Agent readiness is not an AI feature.
It is a structural property of a system.
A system is agent ready when non-human actors can act through it safely, predictably, and without interpretation.
If a human must infer intent, guess behaviour, or recover from ambiguity, the system is not agent ready.
The Core Rule
Agents require clarity, not intelligence.
They do not reason around gaps.
They execute within constraints.
Structural Requirements
An agent-ready system provides:
- Explicit inputs Actions are named, scoped, and versioned.
- Deterministic transformations The same input produces the same outcome, every time.
- Verifiable outputs Results are structured, observable, and auditable.
- Clear authority boundaries Who is acting, what they are allowed to do, and what they are forbidden to do is unambiguous.
- Enforced constraints Guardrails exist by design, not convention.
When these are present, agents become reliable operators rather than uncontrolled actors.
What This Is Not
Agent readiness is not:
- a chat interface
- an AI layer
- MCP support alone
- automation bolted onto a human-first system
Those may use an agent-ready system.
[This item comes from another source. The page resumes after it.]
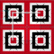 Seamless abstract geometric pattern featuring geometric shapes in red, black and white. Texture with optical illusion effect.

They do not create one.
Why This Matters
We are shifting from systems that assist humans
to systems that act on their behalf.
Without agent readiness:
- behaviour becomes brittle
- safety is retrofitted
- trust erodes
With it:
- autonomy is bounded
- feedback loops are intact
- systems remain governable as complexity increases
Vault Position
Agent readiness is architectural hygiene.
Not optional.
Not a trend.
Not negotiable.
Design the system so agents can operate cleanly – or expect disorder to scale faster than capability.